I have just finished the first year of my PhD studies in Detlev Arendt’s group at the European Molecular Biology Laboratory in Heidelberg, Germany. We are trying to understand how the brain evolved. The human brain is very complex with many subunits, but it started off as a simple organ and gradually evolved into something more complex. The last ancestor of humans (and many other species) that had this simplistic brain is what interests me, because I would like to know how it all began.
This is why I am working on a sea worm called Platynereis dumerilii, which we think is quite similar to this last ancestor. In particular I am looking at the hypothalamus, a part of the brain that is very ancient in terms of the functions that it controls: thirst, hunger, sex drive, reproduction, aggression and other basic functions. I want to find out how a chemical pathway that is crucial for the development of the brain in the embryo works in this worm. We can then compare it with the pathway in other organisms to see what has changed during evolution.
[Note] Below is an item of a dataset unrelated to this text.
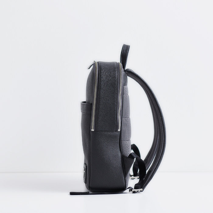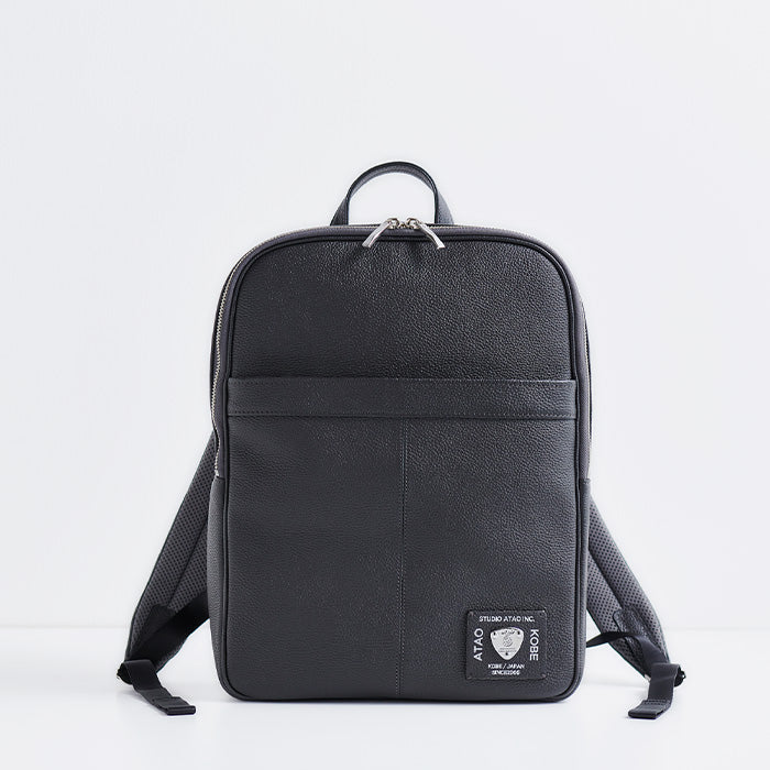 機能的なビジネスリュック「SOU!」登場。オールレザーのリュックの割に軽量。プライベート空間とビジネス空間の二層に分かれたファスナーポケットが特徴のセパレートデザイン。一方にはコスメポーチやストッキング、ちょっとした食べ物等のプライベートグッズを、もう一方にはPC専用ボンディングポケットにノートパソコンなら13インチまで、タブレット、A4ファイル、名刺入れ等、ビジネスに必要な荷物をイン。スーツスタイルで背負った際にも大きく見えずにスッキリ見えします。女性だけでなく男性も持ちやすいデザイン。ビジネスシーンにもサラリと馴染むハイニッケルのシルバー金具を採用している。ATAO(アタオ)(あたお)(SOU!)(ソウ)(そう)(バッグ)(リュック)(バックパック)(ビジネスバッグ)(防水)(防水レザー)(3M)(ノートパソコン用ポケット)(タブレット用ポケット)(ボンディングポケット)(A4)(男女兼用)(ユニセックス)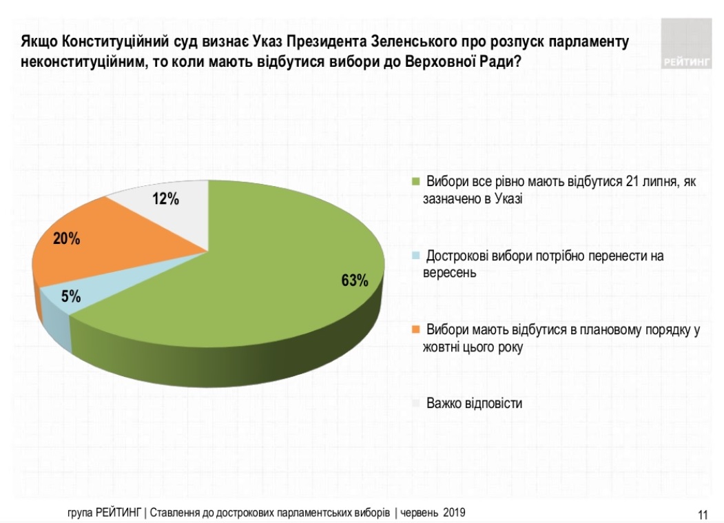 63% считают, что если Конституционный суд признает указ Зеленского о роспуске парламента неконституционным, то выборы в Верховную Раду все равно должны состояться 21 июля, как указано в решении главы государства. 20% утверждают, что в таком случае они должны пройти в плановом порядке в октябре с.г. Еще 7% за то, чтобы перевыборы состоялись в сентябре.

Are you happy with your choice to go into research?
I love what I am doing and I really like the room for creativity in science. You get to design your own experiments, and obtaining a result from an experiment that you designed yourself is very rewarding. This is also what keeps me going in periods when I am working hard but getting no results at all. This can be a bit frustrating sometimes, but the feeling when you achieve what you are aiming for is so great that I would never exchange my work for any other.
And what are your plans for the future?
If everything goes well, I would love to lead my own laboratory at some point and also to teach students, either at university or even at school.
That sounds like another thing that might have been inspired by your biology teacher.
Yes, definitely. This man has influenced my life so much and helped me to find my way. I would love to be able to do something similar for other people one day.
For me as a primary school teacher constantly trying to find different and creative ways to inspire my pupils, the article was a refreshing read. So often in teaching, amidst all the planning, marking and assessment, it is possible to lose sight of the wider goal of developing a child’s curiosity about and engagement with their environment. Fay’s experience served to give me a welcome reminder.
Without too much science terminology, it hits a satisfying target in giving the view of teaching from the other side. To read about the inspiration given by one teacher – inspiration that changed lives and widened horizons – makes me aim to do this in my own teaching. I will continue to grasp the moment, to stray a little from the formal curriculum, and to tell the story around the science, reinforced by the knowledge that it can and does make a difference.